Originally written Summer 2017

Long, long ago, when I was just a puppy I took an interest in music.

First it was the concert bass. This was mostly because there was a concert bass at Thomas Houghton school in Detroit with nobody that wanted to play it. Truth is I wasn’t very good. Mostly in spite of the best effort of a music teacher that showed up once a week I usually just beat on the thing.

Slowly I found the Guitar less intimidating, that and a lot easier to carry back and fourth to school.My first Guitar came when I was getting close to high school and a whole new environment. The instrument cost all the money that I had and nearly as much more from my very reluctant father figure. It was a beautiful thing, a Harmony Patrician. Welsby Music added a DeArmond pick up on it so that one day I could play L O U D.

Again the Father person was less than thrilled but he went along with it.

Welsby Music also had a dedicated guitar coach. Al Korenich, one weird duck but a good musician. Al wrote his own music for students. The only commercially published lesson books at the time were very hard to deal with. The “Nick Manaloff Method” books looked old when they were new. The material was difficult and the songs all seemed to come out of the dark ages.

Mister Korenich taught notes, chords, and songs. His, self generated, printed matter came off an Ozalid Amonia copier. Somehow I was slowly learning to play.

Redford High school offered an instrumental music class for budding guitar players. Gene Fenby valiantly taught music theory to us and pretty much let us have our own head of steam otherwise. Fenby was in no way a Guitar guy but he gave us valuable knowledge from his piano bench. Everything he had to say was very well demonstrated by his keyboard.

With this education and hundreds of hours on bandstands, I became a music coach. In my own mind I was building a music career. Was not to be. I never got beyond turning on my own spotlight. Or beyond part time coaching. I was a coach, not a teacher, because the State of Michigan licensed teachers. I am not a college graduate.

Still, I got to play, I was certainly a part time musician. Usually fifty two weeks a year. I was ready for the music coach thing. I had four nights a week at the Harmony House music shop in Detroit. It was all good but there was only a little more material available for guitar students than when I started. I used “Mel Bay” books and supplemented the material with things that I wrote out by hand for students. The real goal was to somehow teach them to play, without teaching them to HATE guitar.

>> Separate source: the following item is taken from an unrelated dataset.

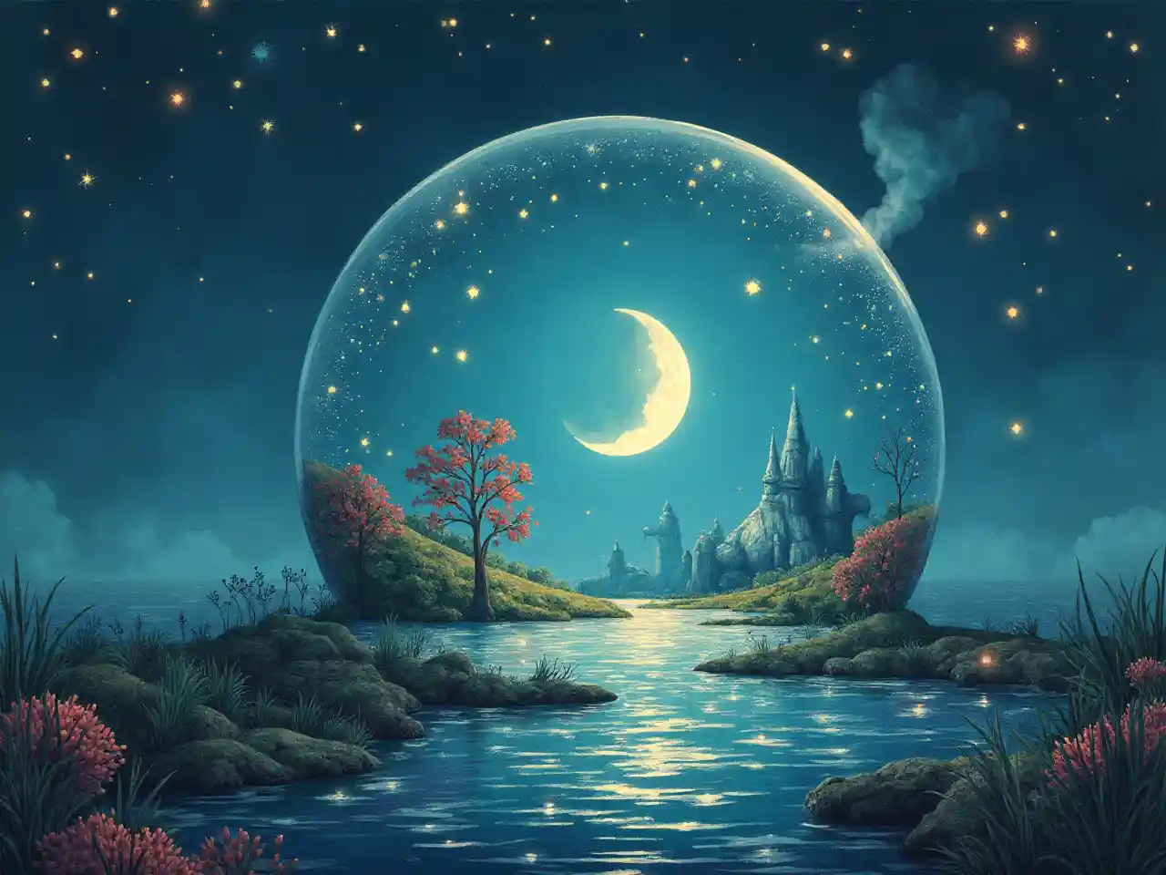 Arte abisal inspirado en Tim Burton y Shaun Tan Visualiza un ((mundo surrealista de maravillas)) donde la escena está encerrada dentro de una (estructura de vidrio similar a una burbuja), con el paisaje bañado en un brillo suave y brumoso. El cielo está adornado con una serie de estrellas, brillando como diamantes, cada una emitiendo una luz tenue y centelleante. El primer plano se destaca con una (corriente de agua débilmente brillante), que refleja los colores del medio ambiente. La superficie del agua ondula con una gracia suave, mejorando la calidad reflectante de la estructura de vidrio. El ambiente general es de una belleza etérea. Una (luna creciente brillante) agrega un toque de iluminación a la escena. El vapor emite una (niebla brillante) que crea un efecto de ensueño, que se mezcla a la perfección con el entorno. Una figura tenue y sombría agrega profundidad a la escena, destacando el contraste entre el brillante y colorido primer plano y el (cielo fantástico y suavemente iluminado).

For Dominic Chraciola, owner and proprietor of Harmony House, the goal was to sell guitars. This led to mild conflict as I didn’t like selling an expensive instrument until a student actually could play reasonably well. Still I sold guitars, amplifiers and the like. Some of the students did quite well. Generally guitar players are not music readers. I think that this is because of the character of the lesson materials. For myself I have found an old violin book. I think that the etude material is better than anything I ever saw in a guitar book. I believe that this would have been a superb supplement to the materials that I had available in my teaching days. Certainly I will never be a seriously good music reader but I will be a better reader than I am now. If I had it to do again I definitely would add the violin book to my teaching ( and learning ) routine. Probably could have sold more guitars.

For me, that would have made the world a better place.